Of course, /this/ user reads dev, too, exactly because it does give me a 
heads-up on such things, as well as a bit of the reasoning (and often 
some discussion) behind it.

I'd argue that any gentooer that takes their gentooing sysadmin 
responsibilities seriously really should read -dev for exactly that 
reason, but I suppose in practice we're actually lucky that most don't, 
or the list would either be too busy to follow (and get anything else 
done) or would have to be read-only for ordinary users.

But you're right in that if I hadn't read it here, the die and I assume a 
reasonable die message would have informed me what action I needed to 
take to fix the problem.

-- 
Duncan - List replies preferred.   No HTML msgs.
"Every nonfree program has a lord, a master --
and if you use the program, he is your master."  Richard Stallman

Re: [gentoo-dev] glibc: pt_chown setuid going away by default

[James Cloos]

>>>>> "MF" == Mike Frysinger <vapier@gentoo.org> writes:

MF> this should impact very few (if any) 
MF> users, so i don't think a news item makes sense.

It will impact everyone who has /dev/pts in fstab(5).

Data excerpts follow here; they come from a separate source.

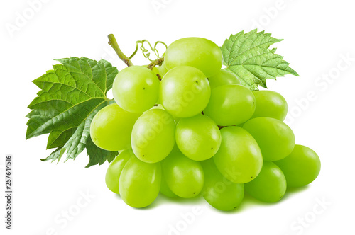 Obraz premium Bunch of green grapes with leaves isolated on white background
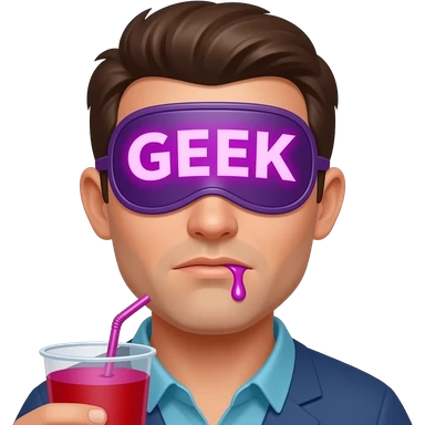 Give me a regular emoji with a sleeping mask that says "GEEK" and add neon purple drool to the corner of his half opened mouth and add a red plastic cup to his left with neon purple juice emoji
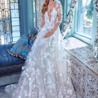 A plunging V-neck and V-back add a touch of drama and whimsy. It is a lovely gown that is a mix between traditional and modern bridal styles. We love the floral lace appliques on the skirt as well.
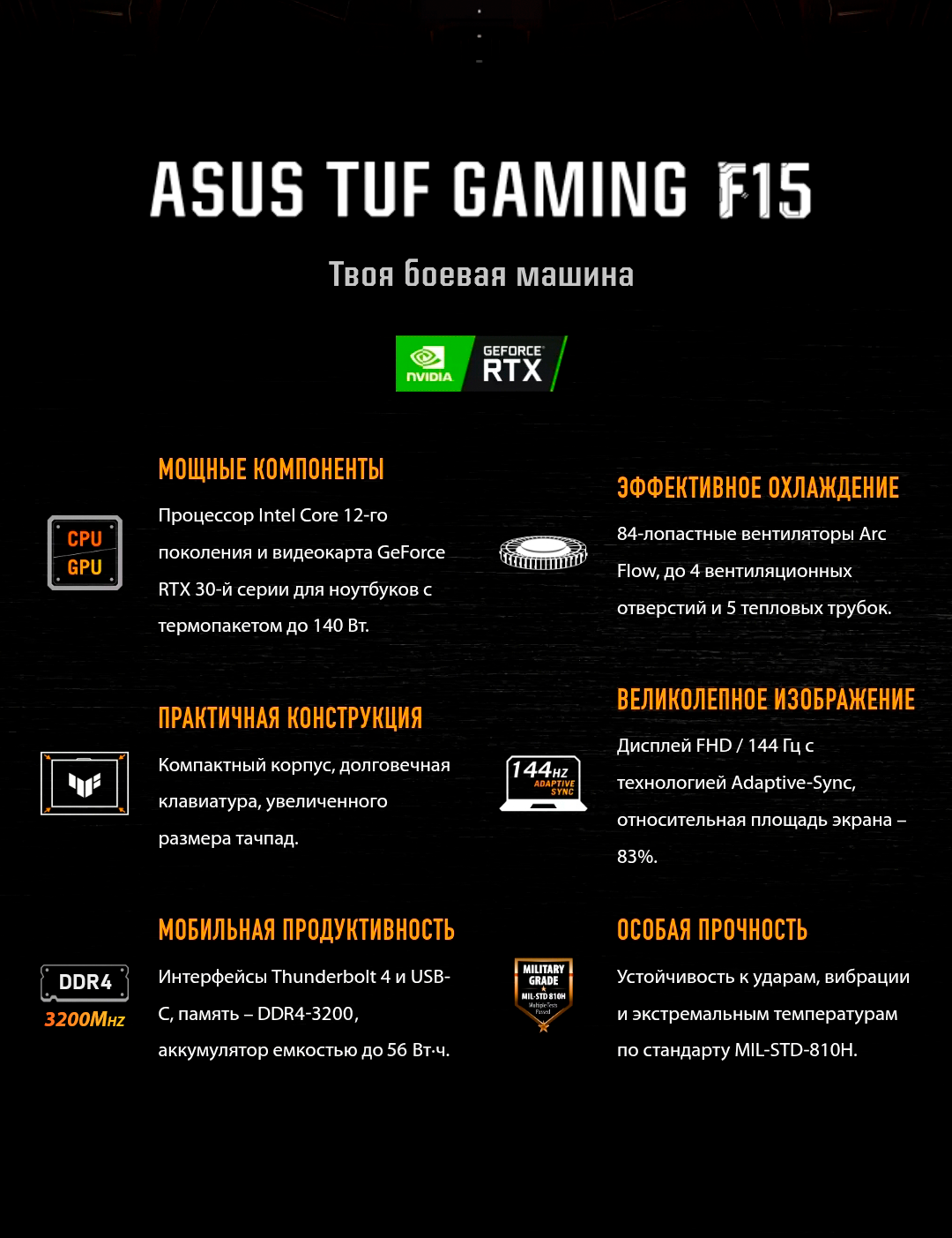 Отзывы на Игровой ноутбук Asus TUF Gaming F15 15.6 IPS 144Гц FHD Core i5-12500H 16ГБ 512ГБ GeForce RTX 3050 Серый Windows11+Office
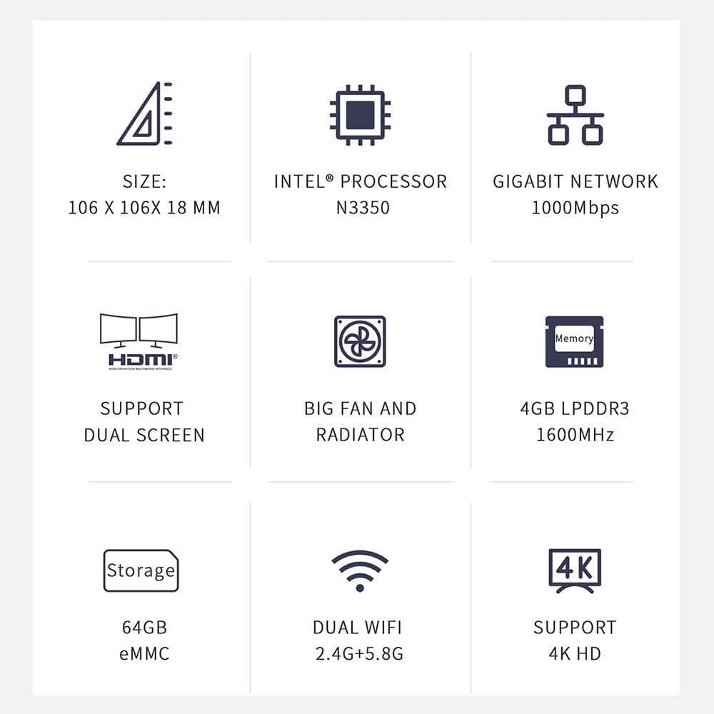 ["Efficient Processor】 The mini computer is equipped with a Celeron N3350 dual-core processor up to 2.4GHz, allowing you to easily access your favorite shows and movies through simple and responsive navigation and quick start applications.
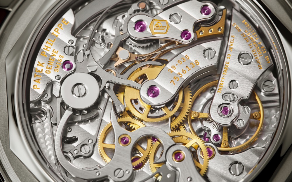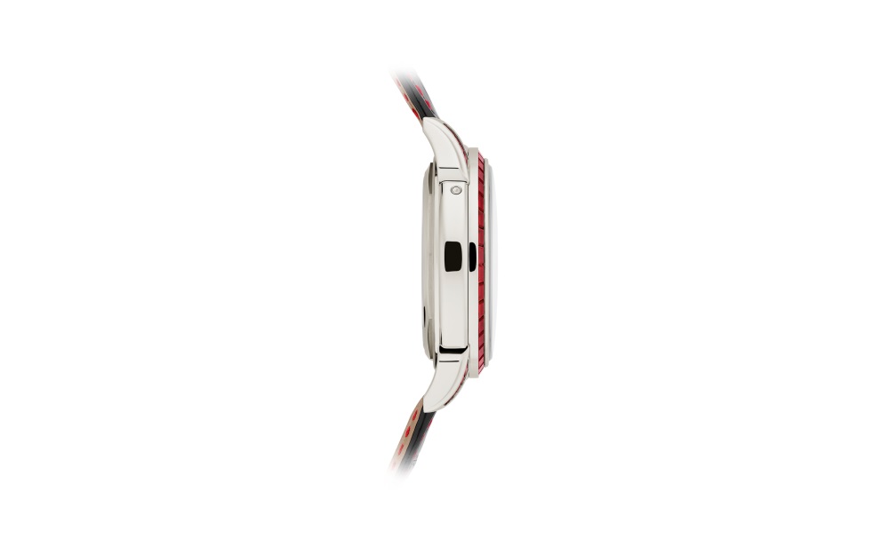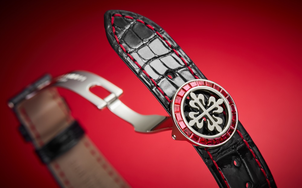A jewelry version of a Patek Philippe classic, Reference 5271/12P-010 is lit up by 80 baguette-cut rubies (5.25 cts) set on the bezel, the lugs and the fold-over clasp. The intense color of the gems is echoed by the lacquered red dial with black-gradient rim and the shiny black alligator strap with contrasting stitching.
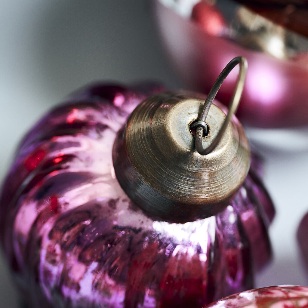 Denne lyserøde, snoede julekugle fra House Doctor tilføjer et farvestrejf til din julepynt. Som prikken over i'et har julekuglen en smuk, antik overflade og en metaltop, som udstråler vintagestil. Den vil give dit juletræ, din dekorative bakke eller grenen i din gulvvase et festligt og trendy look. Kombiner den med julepynt i lige så levende farver, eller brug den sammen med en klassisk julefarve som sølv for at tone den lidt ned. Lyserød er måske en lidt usædvanlig farve til jul, men det er netop det, der gør denne Twist juletræskugle så vidunderlig.Mål:
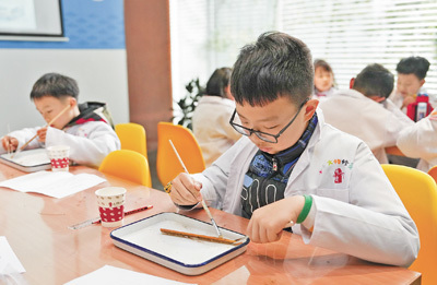 孩子们在湖南长沙简牍博物馆参与“探秘简牍的清洗与保护”活动。
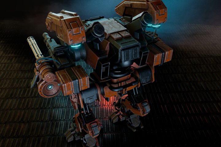 Mech создан по пайплайну Low poly + high poly + bake в Blender, Substance Painter и Photoshop

I doubt that any say gid=5.

I don't remember why this box has it in fstab; it looks like it always did.

The backup of my (now dead) laptop also has such an entry.  The rcs log
for that one shows that it got added in late '03, and not manually.

I imagine therefore that it is not all that uncommon.

-JimC
-- 
James Cloos <cloos@jhcloos.com>         OpenPGP: 1024D/ED7DAEA6

Re: [gentoo-dev] glibc: pt_chown setuid going away by default

[Mike Frysinger]

[-- Attachment #1: Type: Text/Plain, Size: 1231 bytes --]

On Thursday 11 April 2013 11:43:59 James Cloos wrote:
> >>>>> "MF" == Mike Frysinger <vapier@gentoo.org> writes:
> MF> this should impact very few (if any)
> MF> users, so i don't think a news item makes sense.
> 
> It will impact everyone who has /dev/pts in fstab(5).

don't do that.  delete the line.

> I doubt that any say gid=5.
> 
> I don't remember why this box has it in fstab; it looks like it always did.
> 
> The backup of my (now dead) laptop also has such an entry.  The rcs log
> for that one shows that it got added in late '03, and not manually.

baselayout has not included devpts in /etc/fstab since 26 Nov 2001 and even
then, it was commented out

http://sources.gentoo.org/baselayout/branches/baselayout-1_12/etc/fstab?view=log
http://sources.gentoo.org/baselayout/branches/rc-
scripts-1_6/etc/fstab?view=log

the oldest tag we have is baselayout-1.11.15 (released 22 Apr 2006), and it
doesn't include it.

the oldest tarball i have is baselayout-1.11.8 (released 15 Dec 2004) as
that's when i took over releasing things, and it doesn't include it either.
it hasn't been added since that release.

so i stand by my statement that very few people will be impacted by this.
-mike

[-- Attachment #2: This is a digitally signed message part. --]
[-- Type: application/pgp-signature, Size: 836 bytes --]

[gentoo-dev] Re: glibc: pt_chown setuid going away by default

[Duncan]

Mike Frysinger posted on Thu, 11 Apr 2013 12:49:00 -0400 as excerpted:

> On Thursday 11 April 2013 11:43:59 James Cloos wrote:
>> >>>>> "MF" == Mike Frysinger <vapier@gentoo.org> writes:
>> MF> this should impact very few (if any)
>> MF> users, so i don't think a news item makes sense.
>> 
>> It will impact everyone who has /dev/pts in fstab(5).
> 
> don't do that.  delete the line.

I wonder if I added my devpts fstab entry (if as you say it wasn't an 
automated add) some time ago, when there was some security related hubbub 
over it, as significantly, my fstab entry has nosuid, noexec, while the 
default for it in /etc/init.d/devfs does not.

My fstab devpts entry also has noauto, but that's likely simply due to it 
being an fstab entry...

Regardless, that's at least two gentooers with installations dating from 
the early 00s that have reported having the (GID-less) entry in fstab 
now, so I strongly suspect it's going to affect more users, at least long-
time users, than you thought.  It may in fact affect the majority of 
users from that era... anyone who hasn't manually removed that entry from 
fstab over the years.

You mention it wasn't in the old baselayout/openrc tarballs.  What about 
the early stages?  Perhaps that's where it came from?  Anyone with 2004.x 
vintage stage tarballs around to check?

-- 
Duncan - List replies preferred.   No HTML msgs.
"Every nonfree program has a lord, a master --
and if you use the program, he is your master."  Richard Stallman

Re: [gentoo-dev] Re: glibc: pt_chown setuid going away by default

[Mike Frysinger]

[-- Attachment #1: Type: Text/Plain, Size: 1869 bytes --]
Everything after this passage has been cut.